Contrasting with the profane world, sacred buildings exhibit a marked divergence in layout and decoration. Wats and palaces might resemble classic Ayutthaya houses in form, but they are blown up to super-human enormity and covered with dazzling ornamental gaudiness. Seemingly every architectural element reaches for the sky and glitters in the sun with some variety of precious appliqué. Not confined to serving the roads or canals, the compounds are ordered and spacious, with courtyards and ceremonial plazas allowing for generous views of the oversized spiritual architecture. The effect is one of peace and kitsch, repose and extravagance.

The primacy of Bangkok lays in its role as the royal city. It is the literal and figurative head of the nation, and the only true city. As the home of the king, it is merged with his image as a sort of timeless myth of Thailand. The adoration of Thais for their royal family and the present king, Bhumibol, is thus at least partly reflected in the inability of the national government to grow secondary cities like Chang Mai. Modeled directly on the previous Thai royal city of Ayutthaya, Krung Thep (the abbreviated version of the official 164 letter name, translated as “City of Angels”) grew out of the ashes of the former after it was sacked by the Burmese. The continuity began in finding a similar crook in the Chao Praya River, and platting a similar defensive layout. Additionally, many buildings were either transported or recreated.
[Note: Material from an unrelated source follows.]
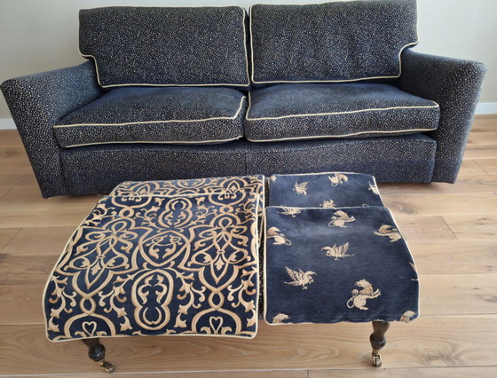 Prachtige donkerblauwe bank in Engelse stijl, afgewerkt met subtiele goudkleurige ingeworven stippen. Bijpassende hocker met donkerhouten poten op wieltjes maakt de set compleet.

The new location had strategic trading advantages that Ayutthaya never did, especially in being located closer to the sea for burgeoning international trade. Thailand shrewdly grew as a center for open trade and avoided colonization (the only nation in Southeast Asia to do so) by playing neighboring colonies of England, France and Portugal against each other. In order to further prevent dependency on Europe, the royal family decided to out-modernize the Europeans. Beginning in the 19th century they instituted a policy of progress and openness that made Bangkok one of the world’s most cosmopolitan cities. Without a single overseas master the city took in competing foreign ideas, resulting in the collage of styles found today.

Building typology in Bangkok is linked closely to its adjacent transportation method. Older canals beget stilt houses, newer roads beget shop houses, and modern transit corridors beget towers. Each type is a layer that is laid over the previous as the city is continuously upgraded. Originally all traffic was canal based and floating houses evolved into stilt houses to avoid flooding and tropical fauna. As roads became the infrastructure of choice in the 19th century, stilt houses gave way to multiple story shophouses, with generic retail and industry at grade and apartment housing above. In the latter half of the 20th century, as roads were overlaid with thoroughfares and rapid transit, the tower block emerged from the shop-house. Towers sport parking garages as tall as the shop-houses around them and reach 20-50 stories. Since they sit back from the infrastructure around them, they are also the first typology to eschew a front and back face. All exist side by side in the metropolis, often on top of each other. It is one of the pleasures of wandering Bangkok that at these overlapping moments you are simultaneously in a 19th, 20th, and 21st century city.

This study will focus on built remnants from two divergent eras: the canals that were responsible for Bangkok’s growth, and the abandoned skyscrapers that recall the uncontrolled hubris and resulting financial collapse of 1997. Each, in their own way, presents the tension between growth and preservation. Canals are viewed as central to the historic myth of Bangkok, but appear increasingly incompatible with the growth of the city. The ghost-skyscrapers, on the other hand, are an unwelcome souvenir from a painful era, but nonetheless present issues about the role and criteria of built heritage.